Here is the code I got to run:
obs_seq = np.array([[[0.4, 0.32, 0.56, 0.7],[0.4, 0.82, 0.96, 0.47],[0.43, 0.12, 0.56, 0.27],[0.4, 0.9, 0.46, 0.1],[0.2, 0.32, 0.36, 0.1],[0.14, 0.267, 0.68, 0.57], [0.34, 0.762, 0.76, 0.73], [0.4, 0.22, 0.56, 0.47], [0.43, 0.12, 0.56, 0.27], [0.24, 0.19, 0.84, 0.1], [0.22, 0.32, 0.61, 0.7], [0.94, 0.234, 0.83, 0.77],
[0.34, 0.52, 0.89, 0.4],[0.9, 0.72, 0.56, 0.17],[0.43, 0.12, 0.56, 0.27], [0.64, 0.69, 0.48, 0.1],[0.25, 0.362, 0.16, 0.6],[0.34, 0.214, 0.18, 0.67],
[0.64, 0.72, 0.77, 0.1],[0.3, 0.62, 0.76, 0.37],[0.43, 0.12, 0.56, 0.27],[0.74, 0.52, 0.96, 0.1],[0.22, 0.342, 0.46, 0.5],[0.54, 0.63, 0.67, 0.27],
[0.14, 0.38, 0.26, 0.5],[0.5, 0.52, 0.12, 0.657],[0.43, 0.12, 0.56, 0.27],[0.33, 0.26, 0.93, 0.1],[0.432, 0.32, 0.66, 0.3],[0.74, 0.07, 0.43, 0.47],
[0.24, 0.22, 0.36, 0.6],[0.67, 0.32, 0.16, 0.26],[0.43, 0.12, 0.56, 0.27],[0.67, 0.22, 0.90, 0.1],[0.22, 0.314, 0.42, 0.2],[0.84, 0.17, 0.13, 0.67]]])
obs_states = np.array([["A1", "A3", "A1", "A1", "A1", "A3",
"A3", "A2", "A2", "A1", "A3", "A1",
"A3", "A3", "A1", "A1", "A1", "A3",
"A2", "A2", "A1", "A1", "A3", "A1",
"A2", "A3", "A1", "A1", "A1", "A3",
"A2", "A2", "A1", "A1", "A3", "A2",
]])
n_samples
what's the difference between n_samples and n_observations and n_dimensions ?
HMMs can be trained on one sequence or on multiple sequences. n_samples
is the number of sequences and n_observations
is the number of elements in the sequence. n_dimensions
is the number of dimensions these elements have.
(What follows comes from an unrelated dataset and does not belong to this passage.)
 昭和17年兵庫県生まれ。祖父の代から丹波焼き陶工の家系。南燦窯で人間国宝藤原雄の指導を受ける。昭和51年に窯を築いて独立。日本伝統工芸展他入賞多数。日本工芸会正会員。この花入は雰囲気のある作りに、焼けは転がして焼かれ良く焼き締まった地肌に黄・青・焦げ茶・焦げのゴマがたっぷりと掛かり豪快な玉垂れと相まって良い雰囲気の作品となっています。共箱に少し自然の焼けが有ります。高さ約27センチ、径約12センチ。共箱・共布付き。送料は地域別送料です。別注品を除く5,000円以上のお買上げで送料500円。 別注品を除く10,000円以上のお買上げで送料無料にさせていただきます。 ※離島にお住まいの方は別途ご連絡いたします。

@jmschrei , thank you for mentioning also the training on multiple sequences (I have a scenario, where the same experiment is performed by different people and I thus the sensor measurements and the sequence of actions might be different).
I have 2 other questions now - In my example each observation consists of 4 sensor values. Can I somehow set the distribution and the value range for each of the values (in my case all the values of the 4-dimensional vector are in a range 0 - 1)so that they can be considered by the HMM ? My second question is - how to do the prediction of a new sensor observation sequence : the way I tested it was calling model.predict([[0.4, 0.32, 0.56, 0.7],[0.4, 0.82, 0.96, 0.47],[0.43, 0.12, 0.56, 0.27]])
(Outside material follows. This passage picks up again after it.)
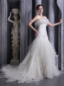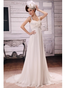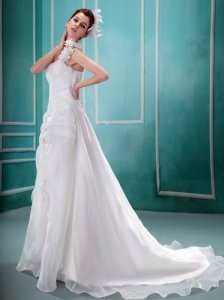 One Shoulder A-line Hand Made Flowers Court Train Church Custom Made Wedding Dress

and I think this is the right way, since the output was [1, 0, 0]
(btw, how to see the actual labels and what is the ordering? - my labels are "A1", "A2", "A3", not 0,1,2).
Thank you for opening an issue. pomegranate has recently been rewritten from the ground up to use PyTorch instead of Cython (v1.0.0), and so all issues are being closed as they are likely out of date. Please re-open or start a new issue if a related issue is still present in the new codebase.